Closed ESapenaVentura closed 1 month ago
I have some concerns about this approach. Firstly, one purely about the implementation - defining three similarly-named properties doesn't create synonyms in JSON: these are three semantically distinct properties, and we don't really want to encourage the use of all three. It would be better to define a single property and add annotations to it's definition in the schema, either through additional keywords or even including it in the description etc. So, rather than loosen the schema to support three variants of collection date
and create ambiguity about which property should be used (or worse, having a single document that includes multiple different values for the "same" field), it would be better to only consider a single form to be valid... this then also makes it easier for tools to map and fix alternatives on the fly.
My second concern is about consistnecy with a) previous behaviour and b) the wider community.

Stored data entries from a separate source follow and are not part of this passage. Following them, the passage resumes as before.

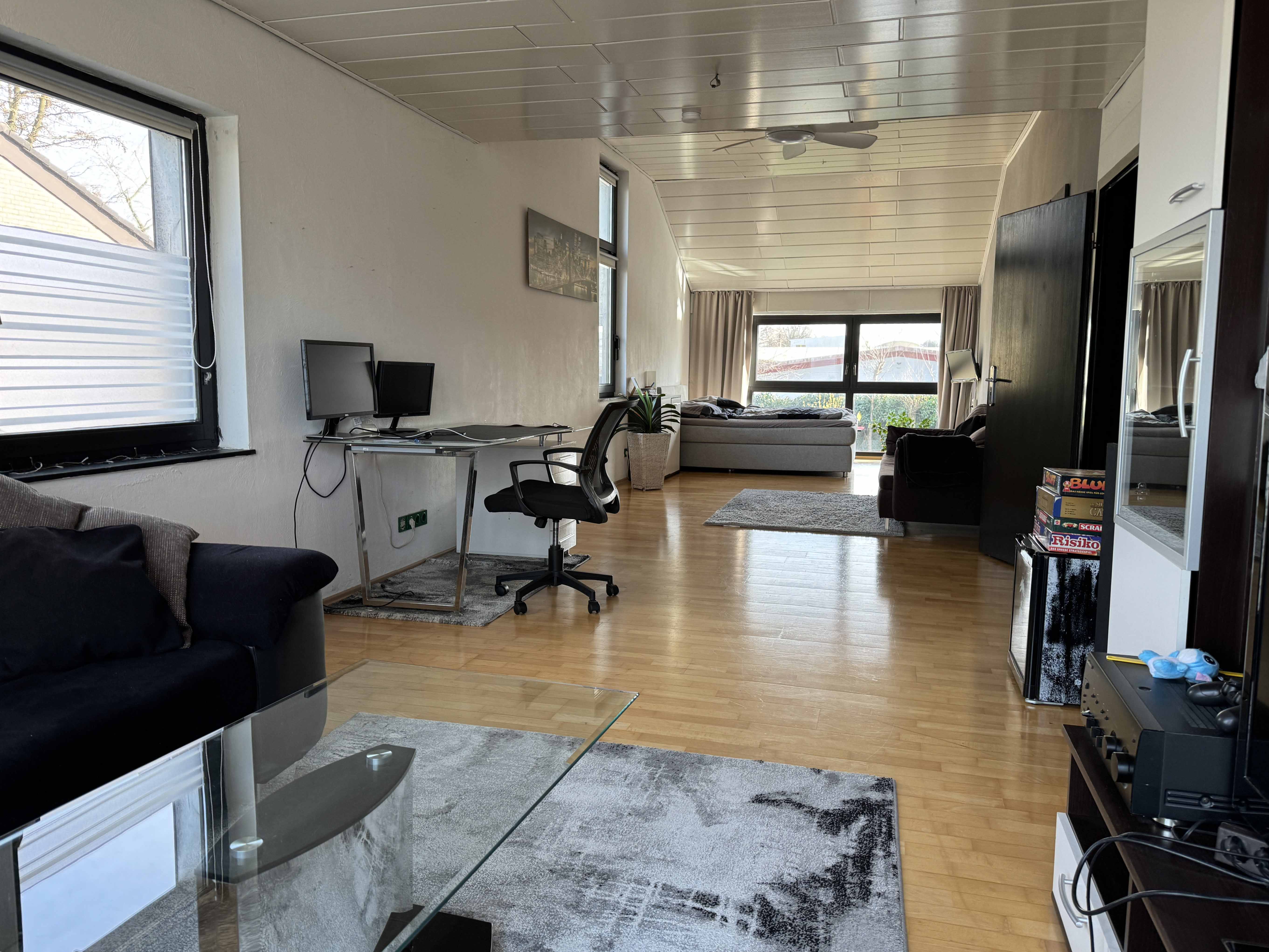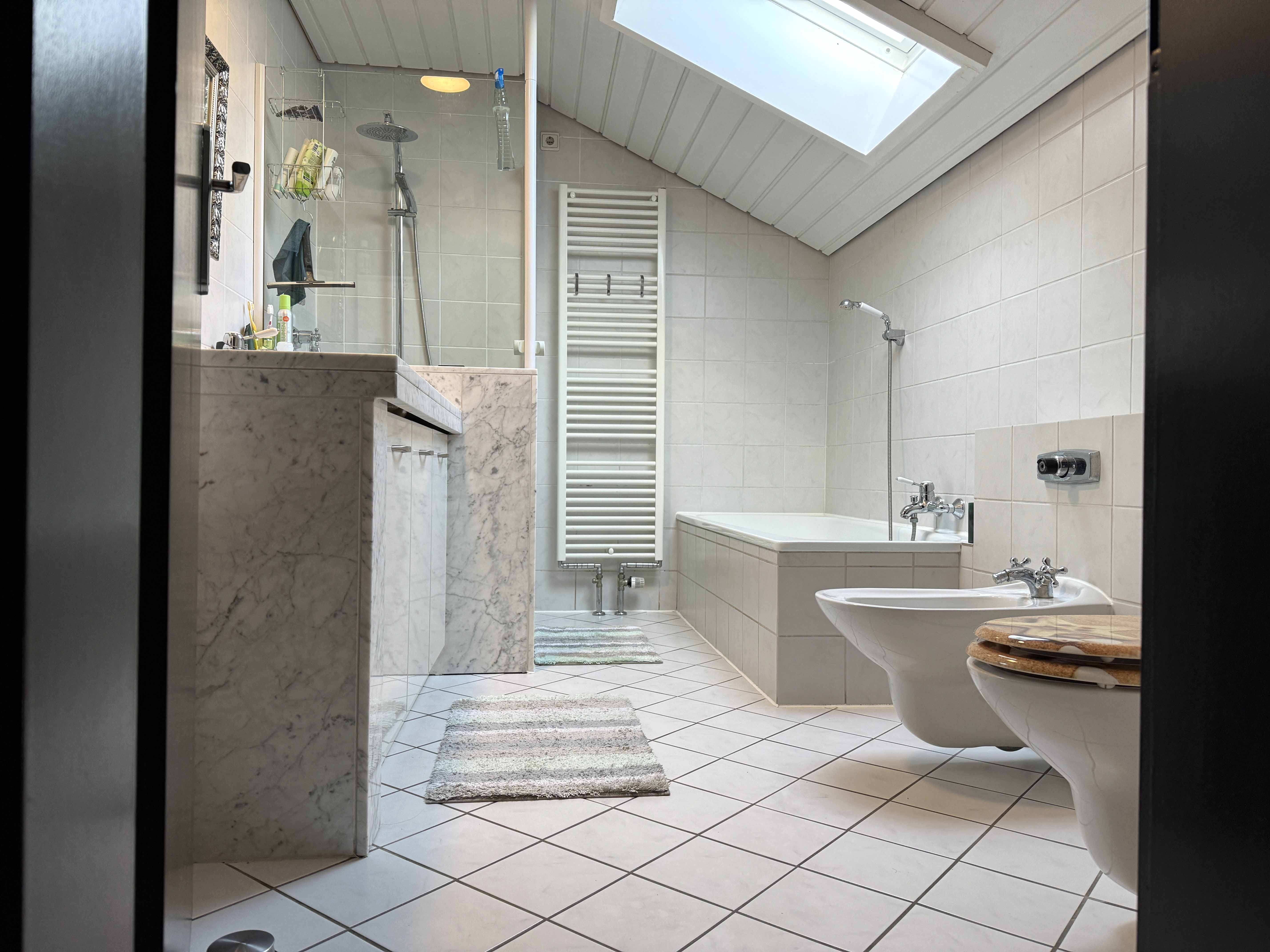 Gehen wir nun die Treppe ins erste Obergeschoss, so liegt geradeaus das Badezimmer mit Dusche und Badewanne. Mit hellem Marmor und weißen Fliesen ist es zeitlos gestaltet. Der Raum rechts daneben könnte das Elternschlafzimmer werden. Ein großes helles ca. 20 m² Zimmer mit Glastür zur ca. 6 m² großen Loggia. Daneben liegt ein weiteres Zimmer. Mit seinen ca.11,5 m² wird es vielleicht ihr neues Büro. Auch von dort führt eine Tür auf die Loggia mit tollem Blick in Ihren grünen Garten. Durch die linke Tür betreten wir das Highlight des Hauses, dort wurde 1996 der Dachboden zum Studio ausgebaut. Hier sind ca. 39 m² Wohnfläche entstanden, für die Sie sicher Ihre ganz eigenen Ideen haben.
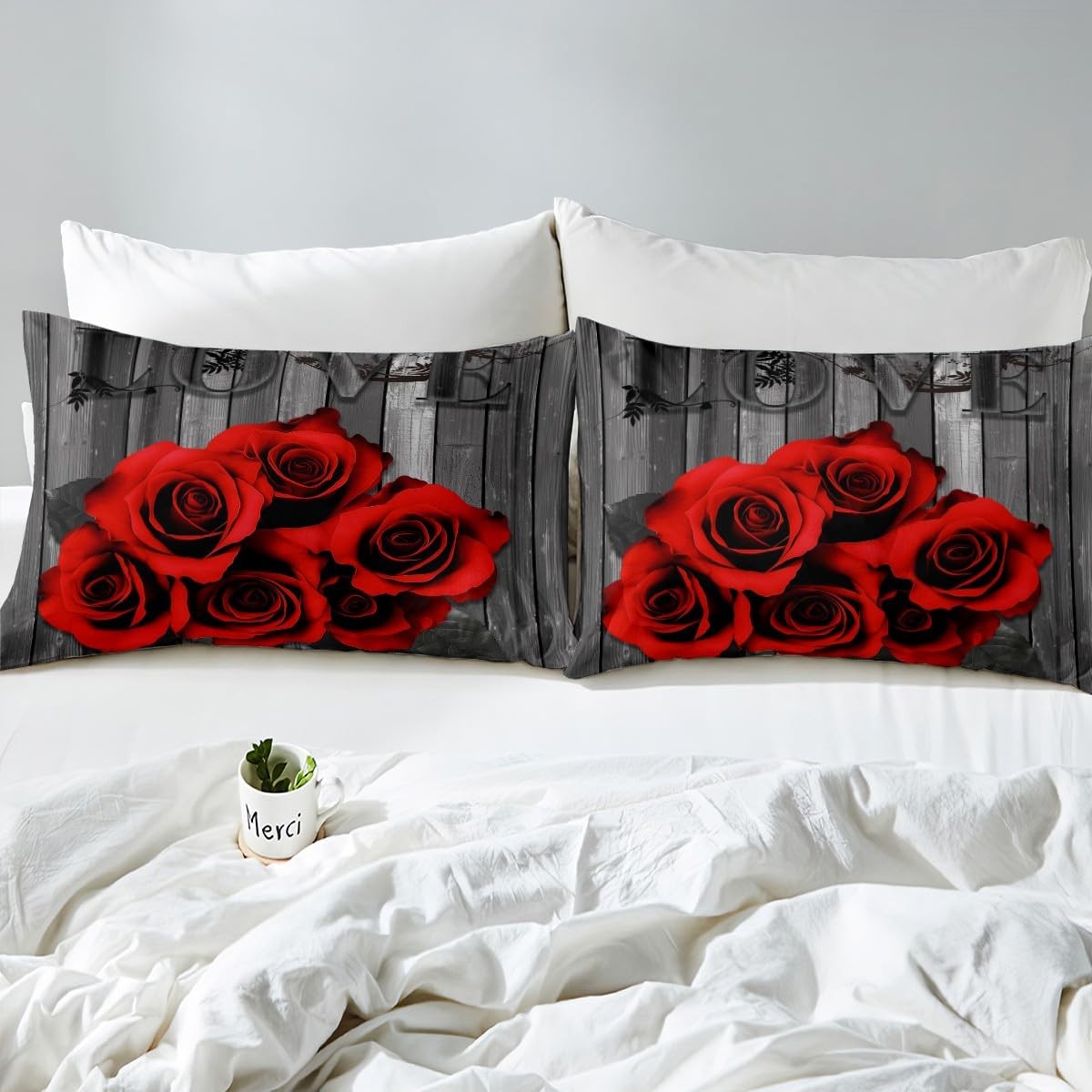 Red Rose Bedding Set King Red Black Valentine's Day Comforter Cover for Girls...
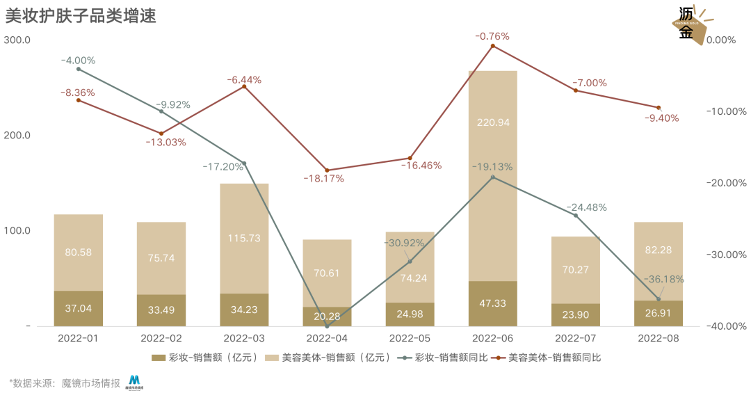 而美妆护肤遇冷,主要受彩妆的销售额持续大幅下滑影响,8月彩妆的销售额同比下滑36.2%。
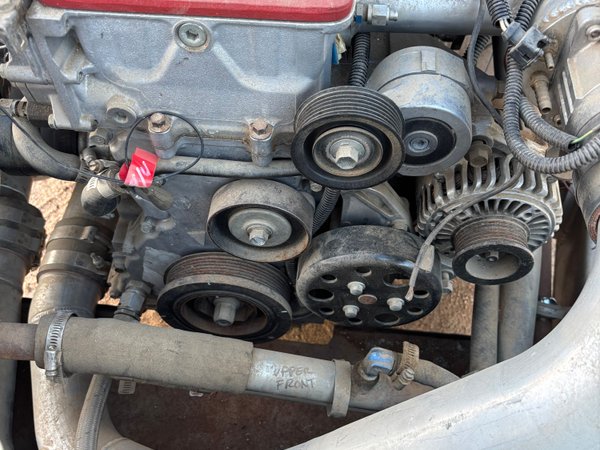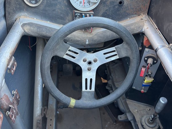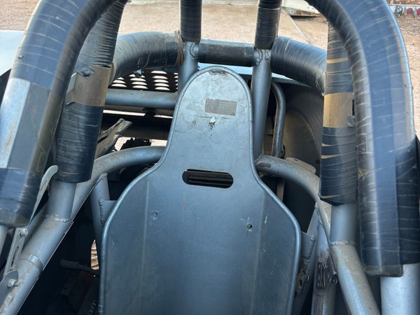 Honda S2000 engine turbo charged with a Ford Mustang 5 speed transmission and a quick change rear axle.
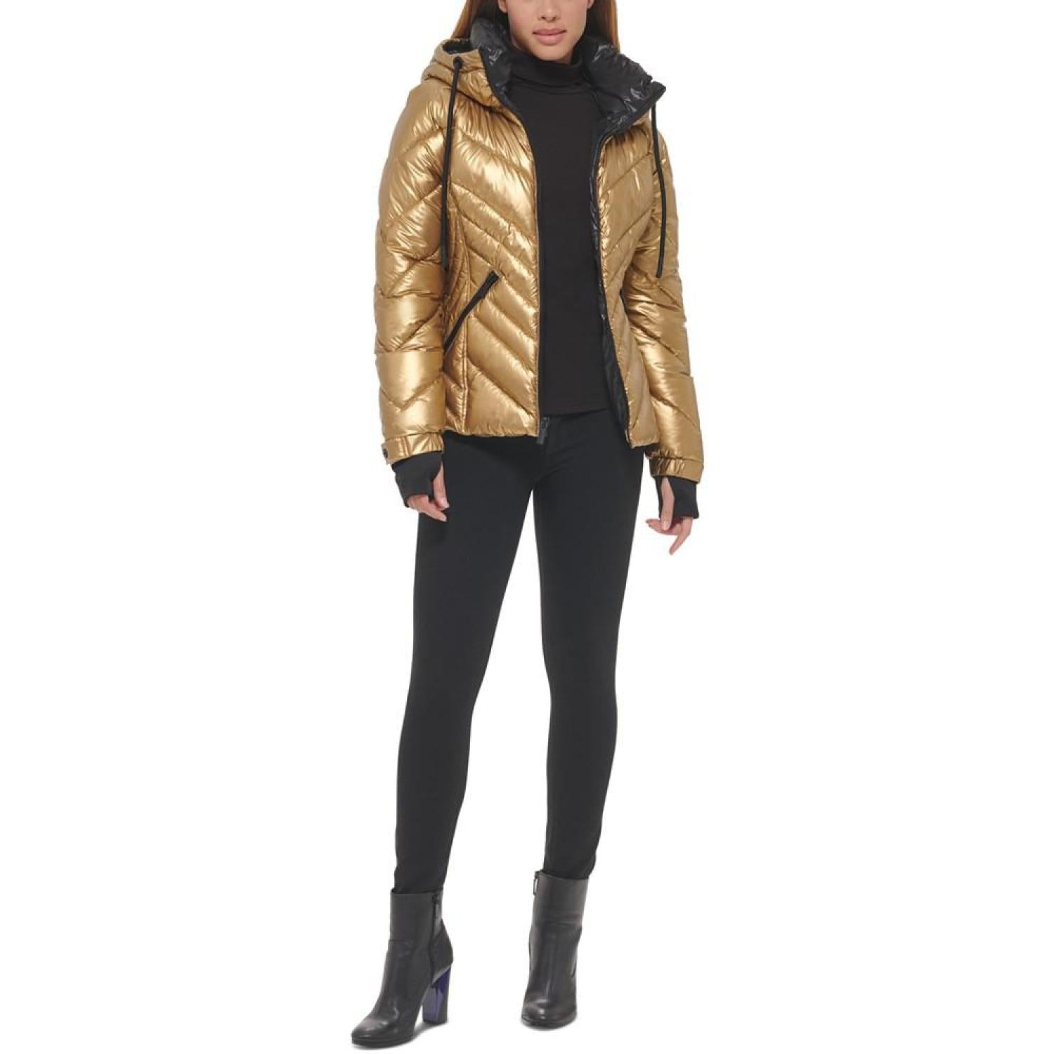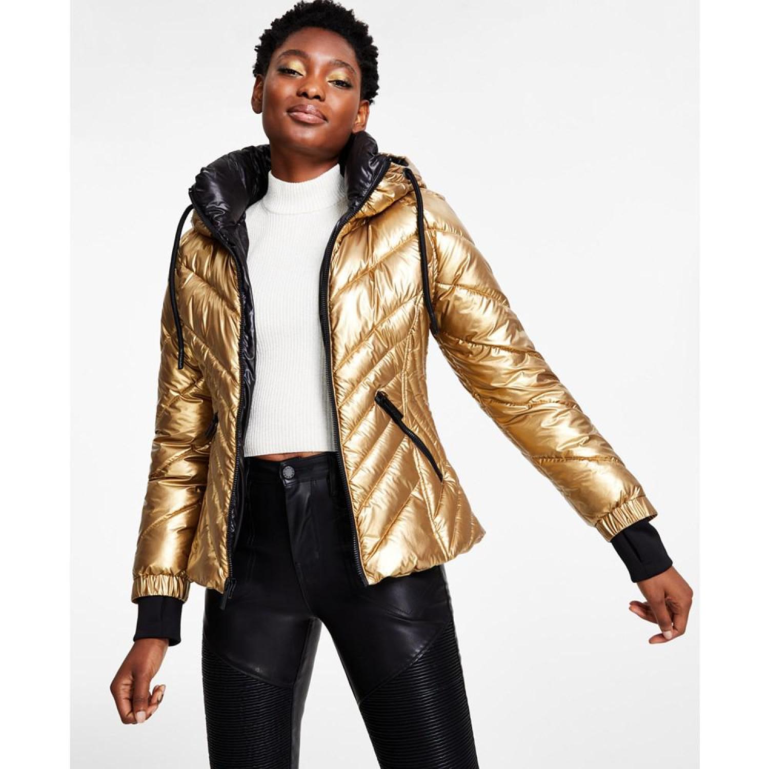 Women's Metallic Quilted Hooded Puffer Coat, Created for Macy's
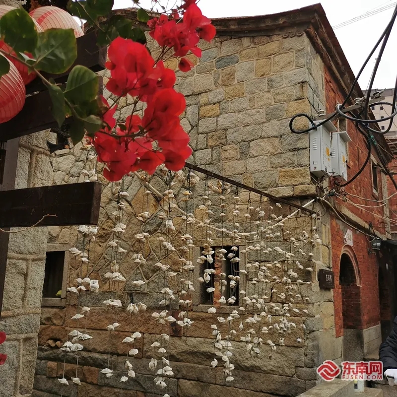 峰尾古城入口处的人造景观。东南网记者 谢玉妹 摄 古街古城 传承书香文化脉络 峰尾半岛地处湄洲湾南畔,三面临海一面环山,拥有长达13公里的海岸线,这里的人们世代以海为田,耕海牧渔。诚峰村兼具城镇的繁华与乡村的淳朴,书香文化与海洋文明并蓄。村中的峰尾古城因海防而建,至今仍可在城内看到残留的古城墙。建城六百余年来,城外沧海桑田,城内岁月静好。 漫步在古城的石板路上,时光变得悠长,浸染了风霜的古宅与开得正艳的红花相映成画,美得动人心魄;数百年的古井依然清澈见底,井水清冽甘甜;闽南红砖厝、南洋番仔楼与当地特色的石头房错落有致,各自绽放着魅力;古街两侧的书院、医馆、商铺带着浓浓的年代感,没有街区的喧嚣,更多的是古老的诗意。 诚峰村村委会主任刘雪兰就出生在古城,虽然儿时的记忆不再清晰,但对家乡的热爱却是与生俱来的。“吃了吗?”“回来了呀!”……城中还居住着不少本地村民,在一声声家长里短中,古城变得亲切了起来。村中大部分村民都姓刘,随着繁衍分支,祖庙宗祠已多达30几间,宗族文化氛围十分浓厚。此外,还有留存数百年的东岳庙、姑妈庙、永全社等多座宫庙,承载着村民代代相传的民间信仰,如今仍然香火旺盛。 _ueditor_page_break_tag_
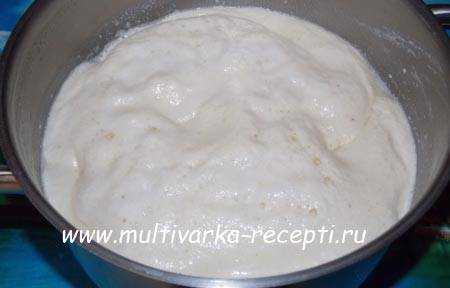 В последнюю очередь введите в жидкую массу муку, ориентируясь на желаемую густоту теста. Закройте кастрюлю с тестом крышкой и уберите в теплый уголок кухни.
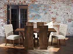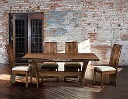 ![]() Complete Evergreen Formal Dining room shown Amish handcrafted out of solid wormy maple with worn spice stain and rhineston fabric seats. |
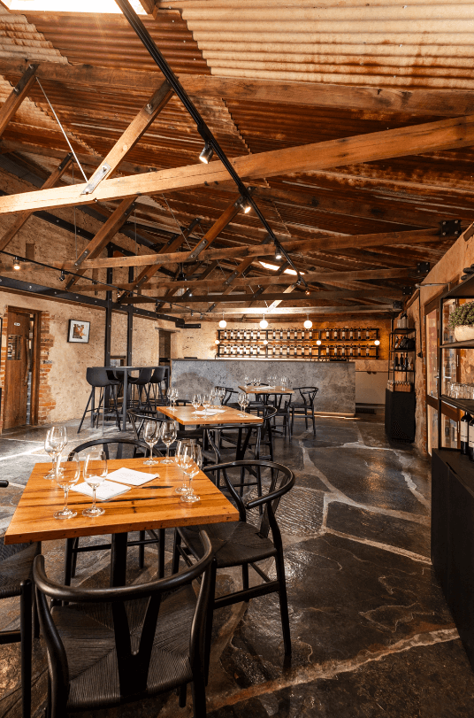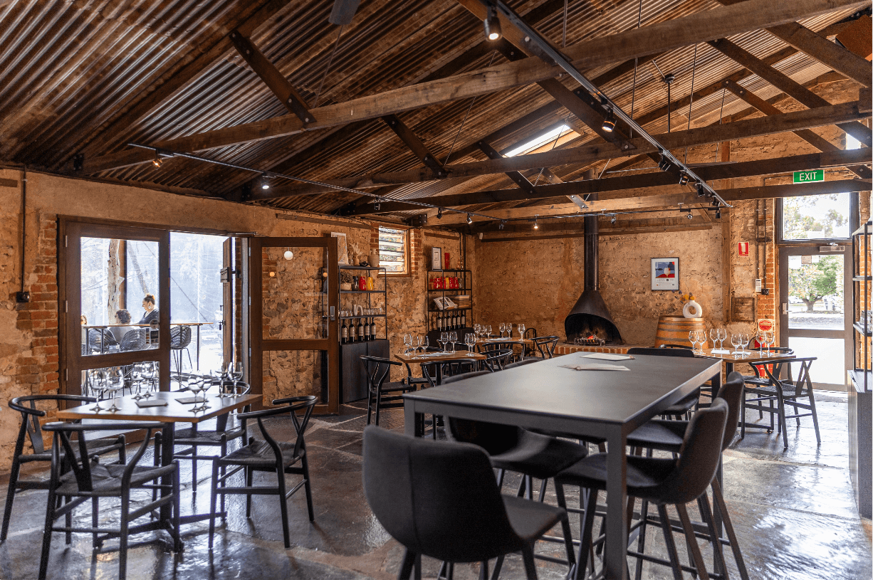 The entrance to the commercial shopfit sets the tone with a large timber doorway featuring glass panelling, inviting patrons into the winery’s world. Rustic charm abounds with exposed tin roof panelling and timber support beams, creating a structured yet welcoming atmosphere. Exposed brickwork and concrete walls further enhance the rustic, old-world ambience. A carefully chosen mix of sleek black tables with wooden tops, paired with black chairs, provides seating for guests. A central black fireplace and wine racks not only add to the aesthetic of the commercial hospitality fitout but also ties in with the winery’s theme. Large marbled stones on the ground break up the space and contribute to the overall design.
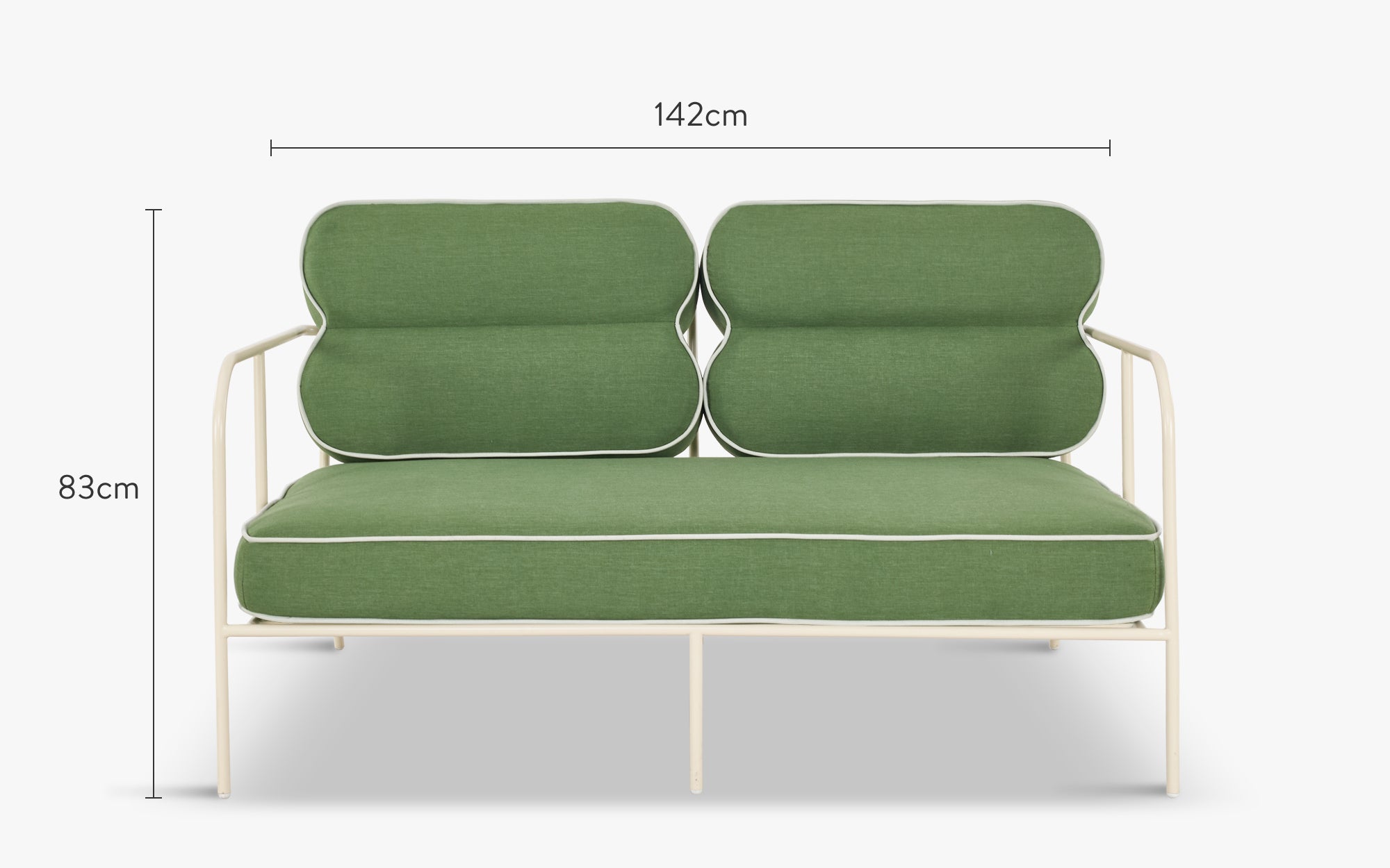 Canapé de jardin 3 places, Vert prairie & métal beige, L145

So: what is the current behvaiour in ENA? We need to be consistent with that so we can switchover, then we can start improving the behaviour in the new tools. IN terms of consistency with the wider community: I know that the Genomic Standards Consortium have siwtch to using Link-ML to define their standards, and there are tools that generate JSON Schema from LinkML. So, given that the GSC have a single source of truth for both the MIxS Water extension and the collection_date
term itself (https://genomicsstandardsconsortium.github.io/mixs/0000011/), if we are going to attempt to improve the way we represent these fields, we should be looking into solutions that leverage the GSC work directly rather than reimplement.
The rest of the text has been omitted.